EXERCISE OBJECTIVE. The listing below holds pictures; exclude them. Return exactly the lines from the one with "Fintie for iPad" through the one with "山梨県の丹波地区にある道の駅".

┄┄┄┄┄┄┄┄┄┄┄┄┄┄┄┄┄┄┄┄

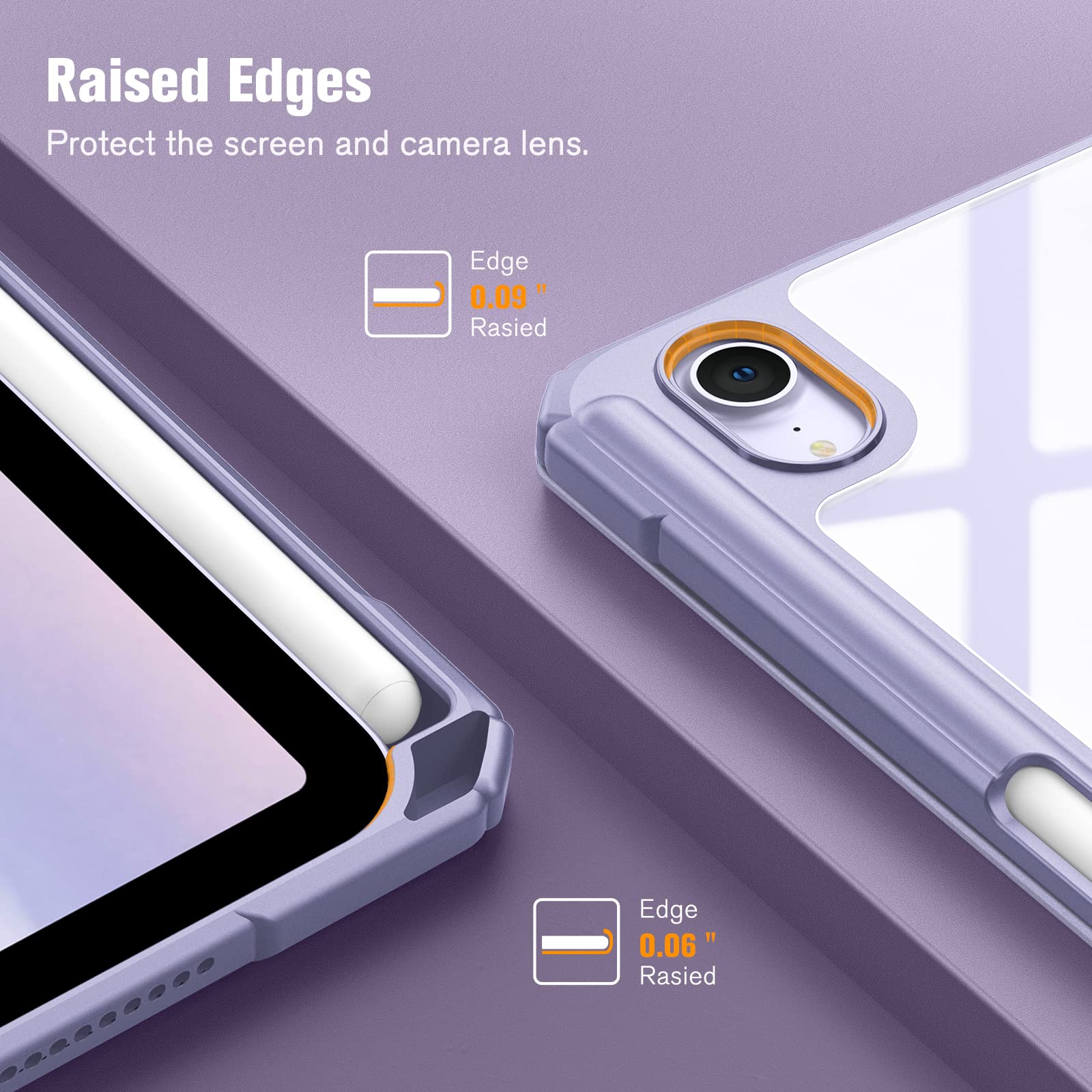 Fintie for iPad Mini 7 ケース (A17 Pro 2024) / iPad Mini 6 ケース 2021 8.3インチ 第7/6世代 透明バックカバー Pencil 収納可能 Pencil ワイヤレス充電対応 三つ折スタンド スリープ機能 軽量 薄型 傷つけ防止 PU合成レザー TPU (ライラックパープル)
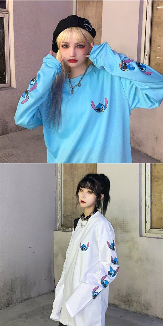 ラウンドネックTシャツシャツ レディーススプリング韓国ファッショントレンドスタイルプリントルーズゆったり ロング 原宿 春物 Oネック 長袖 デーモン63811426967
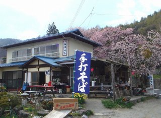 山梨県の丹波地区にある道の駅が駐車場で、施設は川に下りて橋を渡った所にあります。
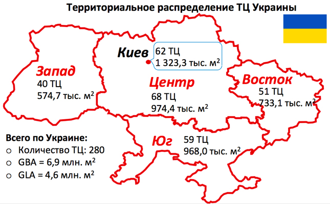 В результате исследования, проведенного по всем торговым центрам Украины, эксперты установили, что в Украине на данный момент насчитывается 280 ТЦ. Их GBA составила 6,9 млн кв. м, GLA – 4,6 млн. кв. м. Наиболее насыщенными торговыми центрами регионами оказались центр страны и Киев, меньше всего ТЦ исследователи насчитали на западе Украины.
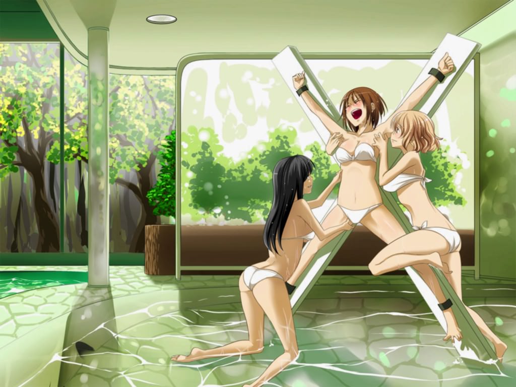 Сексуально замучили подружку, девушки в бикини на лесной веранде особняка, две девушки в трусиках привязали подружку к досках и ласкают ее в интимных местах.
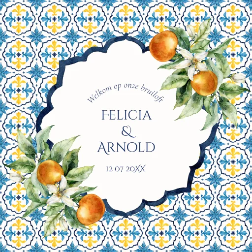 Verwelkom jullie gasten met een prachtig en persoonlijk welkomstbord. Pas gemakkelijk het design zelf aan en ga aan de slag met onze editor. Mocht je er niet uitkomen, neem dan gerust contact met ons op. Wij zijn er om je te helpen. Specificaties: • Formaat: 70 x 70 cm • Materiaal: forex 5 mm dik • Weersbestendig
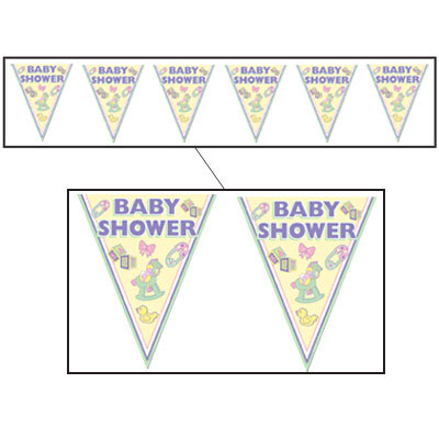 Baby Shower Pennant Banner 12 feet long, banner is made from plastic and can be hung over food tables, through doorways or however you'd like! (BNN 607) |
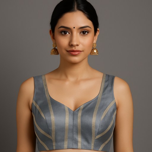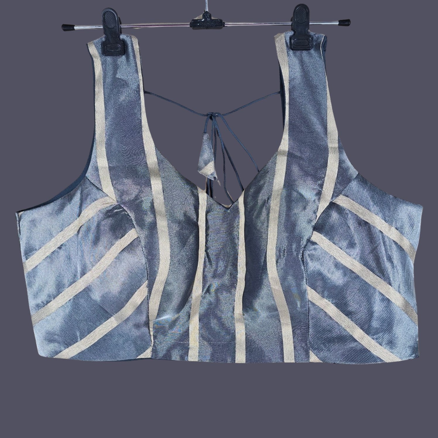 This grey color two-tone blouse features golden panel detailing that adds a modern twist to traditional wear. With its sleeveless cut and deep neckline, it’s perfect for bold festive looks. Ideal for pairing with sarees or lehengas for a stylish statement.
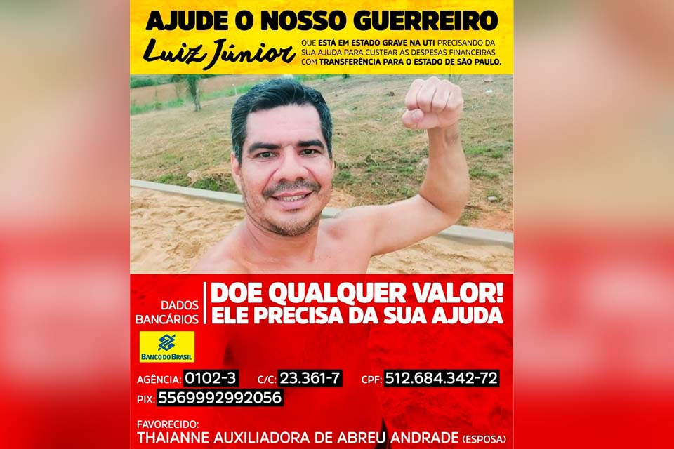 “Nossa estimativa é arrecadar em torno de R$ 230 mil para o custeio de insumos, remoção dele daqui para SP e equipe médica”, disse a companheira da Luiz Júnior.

┄┄┄┄┄┄┄┄┄┄┄┄┄┄┄┄┄┄┄┄

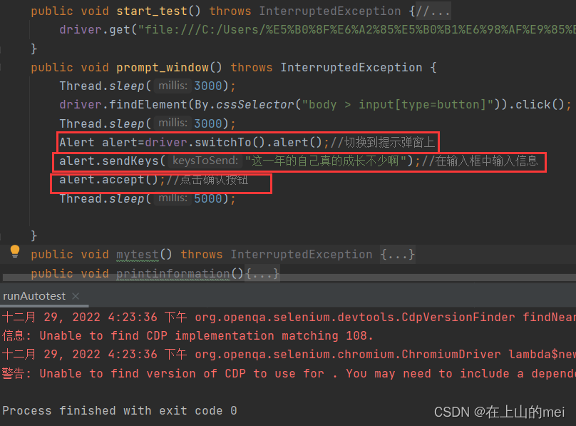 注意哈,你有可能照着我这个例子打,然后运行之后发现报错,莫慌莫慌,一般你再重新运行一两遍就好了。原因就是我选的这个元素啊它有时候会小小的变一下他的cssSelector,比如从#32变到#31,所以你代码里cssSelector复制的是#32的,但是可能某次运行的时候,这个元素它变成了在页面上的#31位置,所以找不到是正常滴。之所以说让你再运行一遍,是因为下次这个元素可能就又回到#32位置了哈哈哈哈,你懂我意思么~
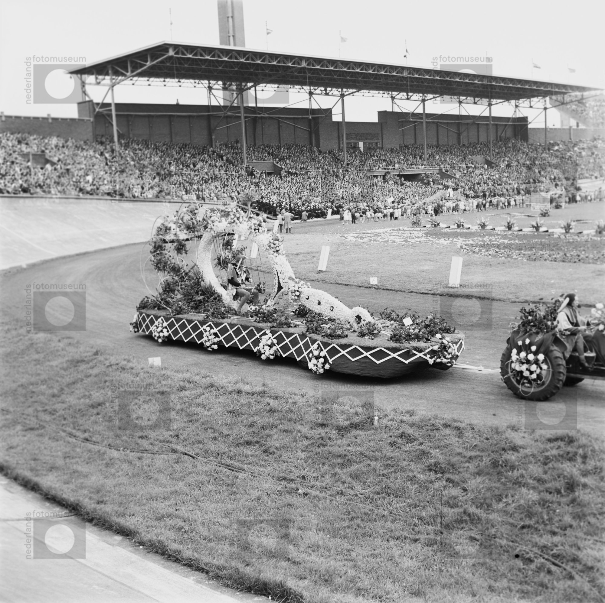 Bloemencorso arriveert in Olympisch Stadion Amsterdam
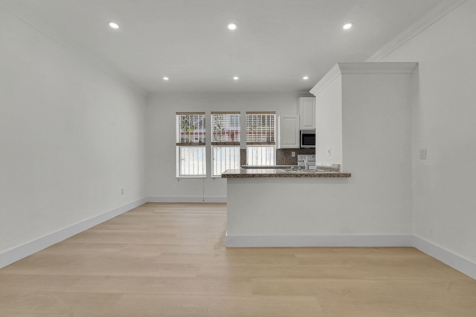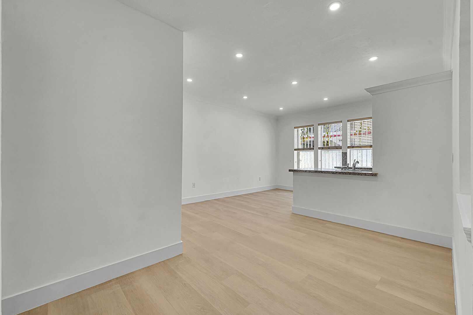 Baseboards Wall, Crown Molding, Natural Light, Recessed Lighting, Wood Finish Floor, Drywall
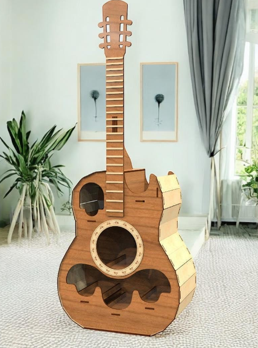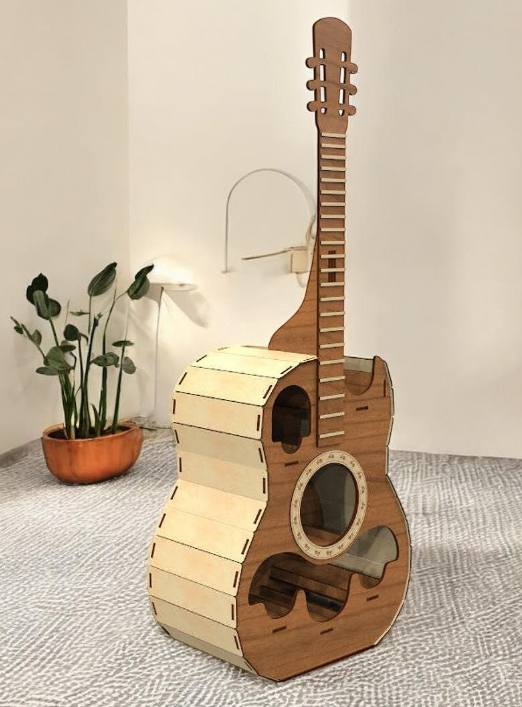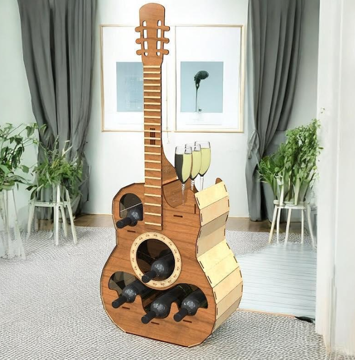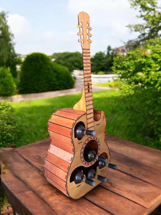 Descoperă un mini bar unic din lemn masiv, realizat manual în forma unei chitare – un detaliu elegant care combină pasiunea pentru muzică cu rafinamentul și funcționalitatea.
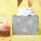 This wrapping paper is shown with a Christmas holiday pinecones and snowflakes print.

┄┄┄┄┄┄┄┄┄┄┄┄┄┄┄┄┄┄┄┄

EXPECTED ANSWER.
 Fintie for iPad Mini 7 ケース (A17 Pro 2024) / iPad Mini 6 ケース 2021 8.3インチ 第7/6世代 透明バックカバー Pencil 収納可能 Pencil ワイヤレス充電対応 三つ折スタンド スリープ機能 軽量 薄型 傷つけ防止 PU合成レザー TPU (ライラックパープル)
 ラウンドネックTシャツシャツ レディーススプリング韓国ファッショントレンドスタイルプリントルーズゆったり ロング 原宿 春物 Oネック 長袖 デーモン63811426967
 山梨県の丹波地区にある道の駅が駐車場で、施設は川に下りて橋を渡った所にあります。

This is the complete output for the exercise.